The expression patterns of myf5, miR-3906 and homer-1b in the trunk somites of zebrafish embryos.

(A, D, G) Using whole-mount in situ hybridization to detect the temporal and spatial expression patterns of myf5, (B, E, H) miR-3906 and (C, F, I) homer-1b in zebrafish embryos at 20 hpf, 24 hpf and 32 hpf. At 20 hpf, (A) myf5 was expressed in the pre-somitic mesoderm and newly formed somites (indicated by { ), but it was absent in mature somites (indicated by [); (B) miR-3906 and (C) homer-1b were detected in mature somites. At 24 hpf, (D) myf5 was detected in the pre-somitic mesoderm, while (E) miR-3906 and (F) homer-1b gradually increased expression in mature somites. At 32 hpf, (G) myf5 was expressed in the edge region of trunk muscles (arrowhead), but (H) miR-3906 and (I) homer-1b were expressed in all trunk muscles. Cross section (dotted lines) showed that (F′) miR-3906 and (I′) homer-1b were expressed in fast muscle (arrows).

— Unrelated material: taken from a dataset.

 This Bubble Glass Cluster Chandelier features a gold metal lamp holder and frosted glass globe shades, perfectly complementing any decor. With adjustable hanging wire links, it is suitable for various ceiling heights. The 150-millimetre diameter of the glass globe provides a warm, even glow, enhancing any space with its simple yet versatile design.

Change of miR-3906 level affected the amount of homer-1b mRNA in zebrafish embryos.

(A, D) Compared with WT, injection of miR-3906-MO increased the expression level of homer-1b mRNA in embryos at 24 hpf (A vs. B) and 32 hpf (D vs. E). Injection of miR-3906 dsR (mature double-strand miR-3906) reduced the expression level of homer-1b mRNA in the front of trunk muscle and was absent in the tail region at 24 hpf (A vs. C) and 32-hpf (D vs. F). (G) The expression levels of homer-1b in WT embryos, miR-3906-MO-injected embryos and miR-3906 dsR-injected embryos at 24 hpf and 32 hpf were quantified. Each one was carried out with 100 embryos, and triplicate experiments were performed (n = 3). The numbers shown in the lower-right corner of panels A-F indicate the number of phenotypes out of the total number of embryos examined. SigmaPlot software was used to perform Student’s t-test. *: indicates the difference at P<0.05 level; **: indicates the difference at P<0.01 level.

Defective phenotypes induced by injection of excessive miR-3906 and homer-1b-MO were similar.

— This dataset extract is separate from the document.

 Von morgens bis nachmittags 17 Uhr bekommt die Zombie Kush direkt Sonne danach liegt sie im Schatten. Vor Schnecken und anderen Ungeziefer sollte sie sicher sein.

(A-I) Embryos derived from transgenic line Tg (±-actin:RFP), in which red fluorescence protein (RFP) is expressed specifically in skeletal muscles, were injected with miR-3906-MO, miR-3906 dsR (mature double- strand miR-3906), homer-1b-MO or homer-1b mRNA, as indicated. After injection, the development of trunk muscle was observed at 32 hpf. Compared with WT (A), the morphological trait of embryos injected with either miR-3906-MO (B) or homer-1b mRNA (C) was similar to that of WT. Embryos injected with homer-1b-MO (D-F) and exogenous miR-3906 (miR-3906 dsR) (G-I) displayed such defective phenotypes as body axis bending and trunk muscle shortening in tail. Based on the definition of three defective levels of muscle (see Materials and Methods), we calculated the defective percentages of embryos injected with homer-1b-MO alone (J) and homer-1b-MO plus wobble homer-1b mRNA (K). The occurrence percentages of severe and mild defects of embryos injected with 1.15 ng miR-3906 dsR alone, 1.15 ng miR-3906 dsR plus 3 ng homer-1b-MO and 1.15 ng miR-3906 dsR plus 400 pg homer-1b mRNA were calculated (L). n: indicates the total number of embryos after three injections. (M) Western blot analysis of Homer-1b (48 kD, arrow) in WT (lanes 1 and 4), 3 ng homer-1b-MO-injected embryos (lane 2), 8 ng miR-3906-MO-injected embryos (lane 3) and 1.15 ng miR-3906 dsR-injected embryos (lane 5). Detection of ±-tubulin served as internal control (arrowhead). The relative intensity of Homer-1b protein among WT, homer-1b-MO, miR-3906-MO and miR-3906 dsR was also indicated.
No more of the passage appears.